**DATASET EXTRACT:**
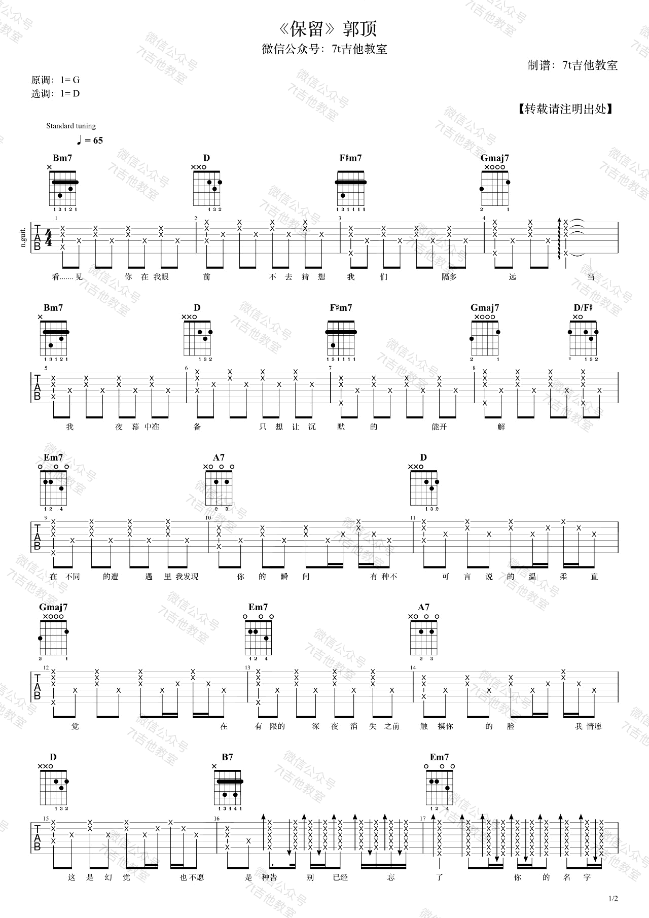 《保留》吉他谱,原调G,选调D,郭顶的一首好听的歌曲,保留六线谱,原调是G大调,用的是D大调的指法来编配,演示视频里是标准音调弦,变调夹第一品,适合音域较低的男生。想唱原调的童鞋夹变调夹第5品就可以了。7t吉他教室编配出品...
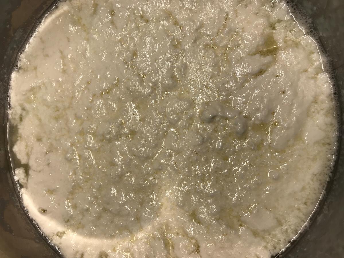 Når ostemassen har skilt seg tar du kjelen av plata.
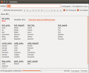 Premièrement, Verbiste est la version GUI de french-conjugator qui est une bibliothèque écrite en C++ qui peut être appelée de la ligne de commande ou à partir d’une autre application.

**PROBLEM STATEMENT:** No pictures go in the copy. Output exactly the lines from the line containing "Når ostemassen har" through the end of the listing above.

**EXERCISE RESULT:**
 Når ostemassen har skilt seg tar du kjelen av plata.
 Premièrement, Verbiste est la version GUI de french-conjugator qui est une bibliothèque écrite en C++ qui peut être appelée de la ligne de commande ou à partir d’une autre application.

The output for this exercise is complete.